This is an example of the CALIBRATION_CONFIG parameters for all spatial analysis operations.

{
  "enable_recalibration": true,
  "calibration_quality_check_frequency_seconds": 86400,
  "calibration_quality_check_sample_collect_frequency_seconds": 300,
  "calibration_quality_check_one_round_sample_collect_num": 10,
  "calibration_quality_check_queue_max_size": 1000,
  "calibration_event_frequency_seconds": -1
}
Name Type Description
enable_recalibration bool Indicates whether automatic recalibration is turned on. Default is true.
calibration_quality_check_frequency_seconds int Minimum number of seconds between each quality check to determine whether or not recalibration is needed. Default is 86400 (24 hours). Only used when enable_recalibration=True.
calibration_quality_check_sample_collect_frequency_seconds int Minimum number of seconds between collecting new data samples for recalibration and quality checking. Default is 300 (5 minutes). Only used when enable_recalibration=True.
calibration_quality_check_one_round_sample_collect_num int Minimum number of new data samples to collect per round of sample collection. Default is 10. Only used when enable_recalibration=True.
calibration_quality_check_queue_max_size int Maximum number of data samples to store when camera model is calibrated. Default is 1000. Only used when enable_recalibration=True.
calibration_event_frequency_seconds int Output frequency (seconds) of camera calibration events. A value of -1 indicates that the camera calibration shouldn't be sent unless the camera calibration info has been changed. Default is -1.

Camera calibration output

The following is an example of the output from camera calibration if enabled. Ellipses indicate more of the same type of objects in a list.

{
  "type": "cameraCalibrationEvent",
  "sourceInfo": {
    "id": "camera1",
    "timestamp": "2021-04-20T21:15:59.100Z",
    "width": 512,
    "height": 288,
    "frameId": 531,
    "cameraCalibrationInfo": {
      "status": "Calibrated",
      "cameraHeight": 13.294151306152344,
      "focalLength": 372.0000305175781,
      "tiltupAngle": 0.9581864476203918,
      "lastCalibratedTime": "2021-04-20T21:15:59.058"
    }
  },
  "zonePlacementInfo": {
    "optimalZoneRegion": {
      "type": "POLYGON",
       "points": [
        {
          "x": 0.8403755868544601,
          "y": 0.5515320334261838
        },
        {
          "x": 0.15805946791862285,
          "y": 0.5487465181058496
        }
      ],
      "name": "optimal_zone_region"
    },
    "fairZoneRegion": {
      "type": "POLYGON",
      "points": [
        {
          "x": 0.7871674491392802,
          "y": 0.7437325905292479
        },
        {
          "x": 0.22065727699530516,
          "y": 0.7325905292479109
        }
      ],
      "name": "fair_zone_region"
    },
    "uniformlySpacedPersonBoundingBoxes": [
      {
        "type": "RECTANGLE",
        "points": [
          {
            "x": 0.0297339593114241,
            "y": 0.0807799442896936
          },
          {
            "x": 0.10015649452269171,
            "y": 0.2757660167130919
          }
        ]
      }
    ],
    "personBoundingBoxGroundPoints": [
      {
        "x": -22.944068908691406,
        "y": 31.487680435180664
      }
    ]
  }
}

See Spatial analysis operation output for details on source_info.

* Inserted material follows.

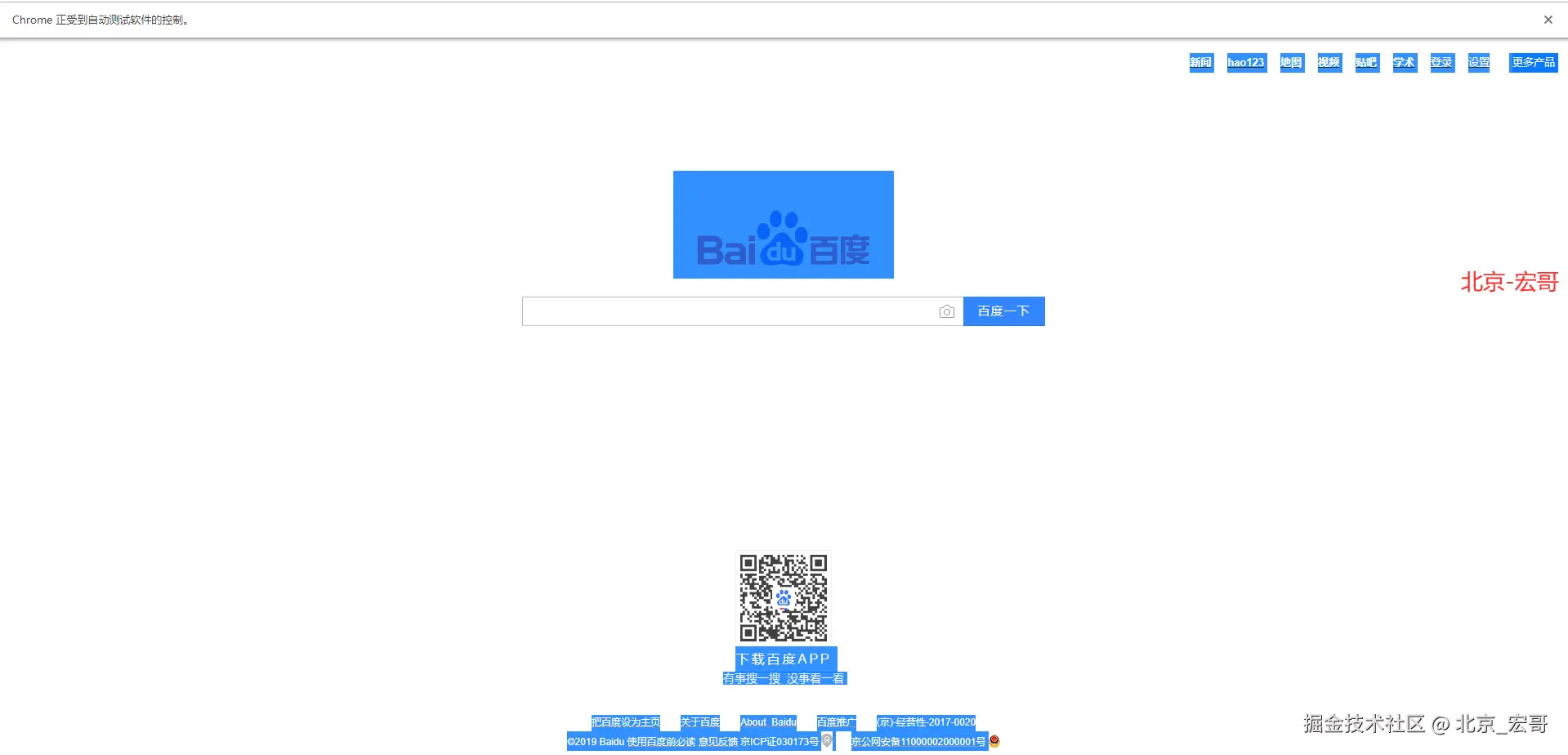 本文介绍全选当前页面文字,快捷键是 Ctrl+a,主要还是用send_keys()方法输入组合键,这里用百度首页举例。

ZonePlacementInfo Field Name Type Description
optimalZonePolygon object A polygon in the camera image where lines or zones for your operations can be placed for optimal results.
Each value pair represents the x,y for vertices of a polygon. The polygon represents the areas in which people are tracked or counted and polygon points are based on normalized coordinates (0-1), where the top left corner is (0.0, 0.0) and the bottom right corner is (1.0, 1.0).
fairZonePolygon object A polygon in the camera image where lines or zones for your operations can be placed for good, but possibly not optimal, results.
See optimalZonePolygon above for an in-depth explanation of the contents.
uniformlySpacedPersonBoundingBoxes list A list of bounding boxes of people within the camera image distributed uniformly in real space. Values are based on normalized coordinates (0-1).
personBoundingBoxGroundPoints list A list of coordinates on the floor plane relative to the camera. Each coordinate corresponds to the bottom right of the bounding box in uniformlySpacedPersonBoundingBoxes with the same index.
See the centerGroundPointX/centerGroundPointY fields under the JSON format for cognitiveservices.vision.spatialanalysis-persondistance AI Insights section for more details on how coordinates on the floor plane are calculated.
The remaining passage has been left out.